We knew that there had to be some kind of deal on those Bush tax increases. Nobody wanted to be responsible for the planned tax hike going into effect, especially while the economy is still sluggish. So, despite all the silly posturing, a deal was always the most likely outcome. The question now becomes: is this particular deal any good?

As usual the answer is muddled.

I find it sad that we cannot legislate transparently sensible things such as extended unemployment assistance without a behind the scenes political brawl over making sure the wealthy folks get some benefits as well. Quite what our horde of unemployed fellow citizens and Wall Street bankers have in common I am not sure. Nonetheless it became necessary to lavish gifts on the rich in order to secure their support for the needy. We are incapable of doing the right thing for its own sake. We have to bargain away at everything. Oh well.

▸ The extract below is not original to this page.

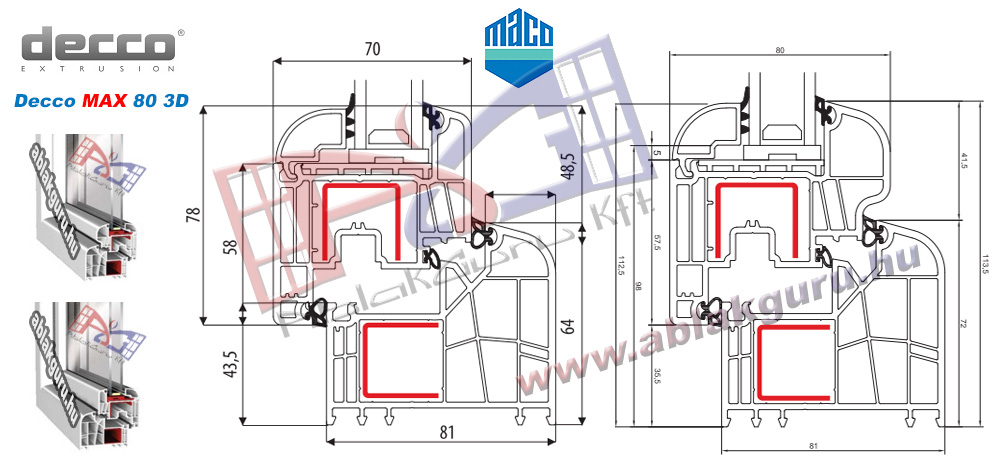 Profil: Decco MAX 80 3DBeépítési mélység: 81mmLégkamrák: Hat Gumi: háromSzín: RAL 9003 Vasalat: MACO multi-trend Üveg: 4-16AR-4 Gyártás: Péntektől 12 nap Raktárkészlet: nincs

So the Bush tax increase was averted for a couple of years. Big deal. According to the Congressional Budget Office that will pump up GDP growth by all of 0.1% in 2001 and 2012. OK, let me be honest: the CBO gave a range of 0.1% to 0.3% for the boost to GDP. Frankly that’s not much of a boost at all, especially considering all the huffing and puffing needed to acquire it. Then again, as I have said many times here, tax cuts are not very good at generating economic growth. Especially when people are still paying down debt. I have a suspicion that the average family will not notice any change. Why not? Because there isn’t any. We seem to forget that this entire discussion has been about avoiding a tax increase, not about getting an actual tax cut. That’s why the terminology was wrong. The projected boost to GDP is more theoretical than actual. Since analytical models had to take into account the existing law, which had the Bush tax increase coming into effect, the postponement of that increase alters the models more than it alters actual cash flows in the economy.

Thus far: no big deal.

However, the compromise worked out does have some real stimulative content. It includes three such components: a modest change in business tax deductions for investment; an extension of unemployment payments; and a temporary 2% cut in employee payroll taxes.

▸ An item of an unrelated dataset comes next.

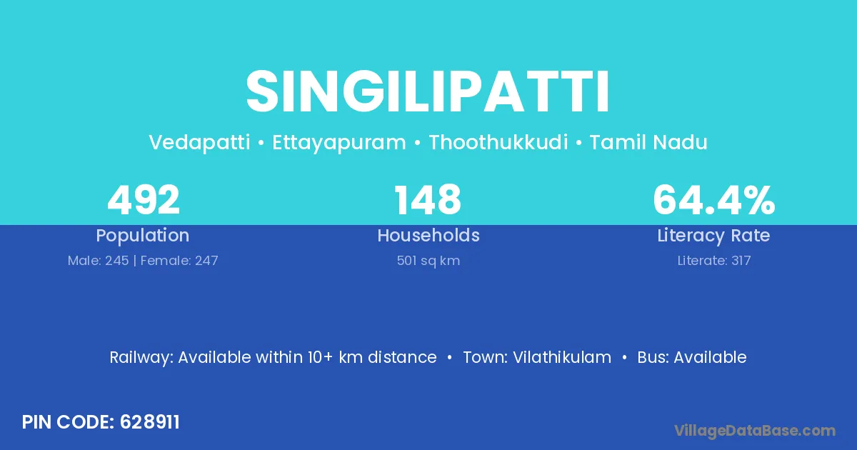 Singilipatti village has a total population of 492 people, of which 245 are males and 247 are females.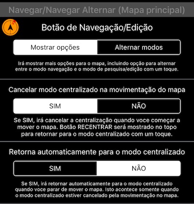Por padrão, o mapa agora cancela o modo de centralização quando você começa a movê-lo e você precisa tocar no botão “Re-Center” para voltar ao modo de centralização. Para alterar isso de volta para as configurações originais ou permitir que o mapa cancele o modo de centralização automaticamente, acesse as configurações comuns do mapa, abaixo:

The first of these, the business investment tax credit, will have minimal effect. At least I don’t see how it can. With businesses awash with profits and cash, this $40 billion or so credit will hardly encourage investment. Besides, the economy is knee deep in excess capacity making additional investment foolhardy at best.

The other two pieces of the deal make more sense and are truly stimulative. Keeping a flow of cash into unemployed worker’s pockets will be expansionary. They need the cash and are likely to spend it. So the economy benefits from this. Similarly, the cut in payroll taxes gets extra money into worker paychecks and is also likely to get spent. While most right wing politicians want to deny it, money given to the average or below average household is much more likely to be spent than the same money given to the more affluent. This is not only intuitive it is proven. So these two parts of the deal will provide a boost to growth next year. Depending on your view of the “multiplier” or knock-on effect, this boost will be between 0.5% and 0.7% of GDP. Not a whole lot, but better than nothing.

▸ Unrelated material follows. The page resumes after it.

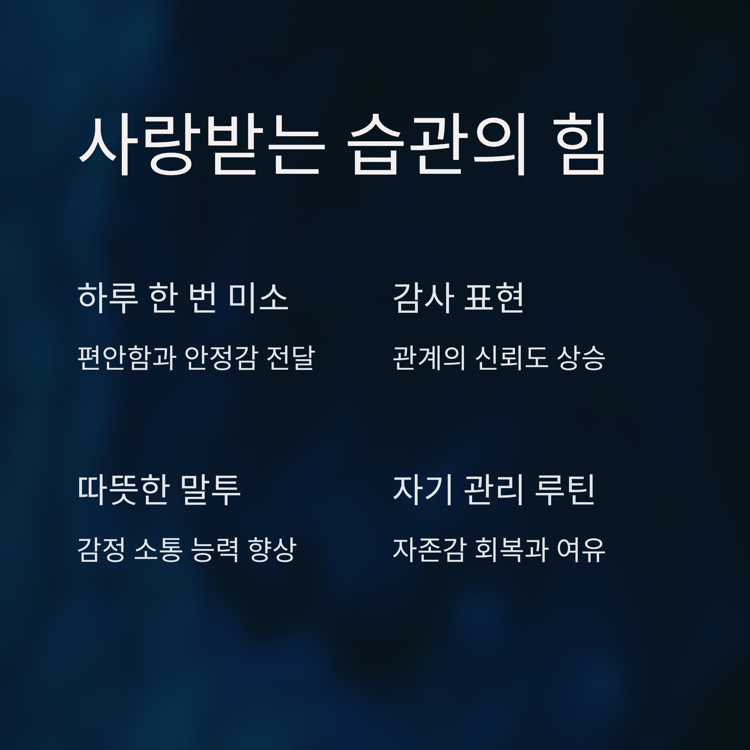 사랑받는 사람의 모습은 화려하지 않습니다. 오히려 소소한 일상에서 매일 반복하는 작지만 강력한 표현에서 비롯됩니다. 매일 하루에 한 번, 따뜻한 미소와 진심 어린 감사의 말 한마디. 이 단순한 습관이 연인, 친구, 가족 등 주변 모든 사람과의 관계를 부드럽고 따뜻하게 만들어줍니다. 사랑은 거창한 고백이 아니라, 매일의 '감사'와 '긍정'에서 시작됩니다.

So overall the deal will have a modest benefit next year before tapering off during 2012. Which is odd, since this implies the boost declines just as we are cranking up for yet another election. By the way, that increase in GDP will lower unemployment only by a small amount. A good rule of thumb is to look for a reduction in the unemployment rate of about half the addition to the GDP growth rate. So, taking the entire deal as a whole, we can expect extra growth of between 0.6% and 1.0% next year, thus cutting unemployment down by about 0.5% at best. Not a huge return on such a vast output of political effort.

One last thing. Nowhere in the brouhaha about this deal have I seen anyone ask what it means for the deficit of the debt. I can only wonder why this is. Up until now we have been bombarded by right wing stories of gloom and doom based upon apocalyptic visions of the wave of debt supposedly about to wash away the republic. Apparently maintaining the tax reductions that caused over 50% of our current deficit is not a problem to the deficit hawks. Which makes them either liars or hypocrites. Maybe both. It’s easy to see where this is now headed. With the tax cuts for the rich safely protected we will all be asked to sacrifice the safety net in order to balance the books.

But that’s after the New Year. When the hawks will be hawks once more.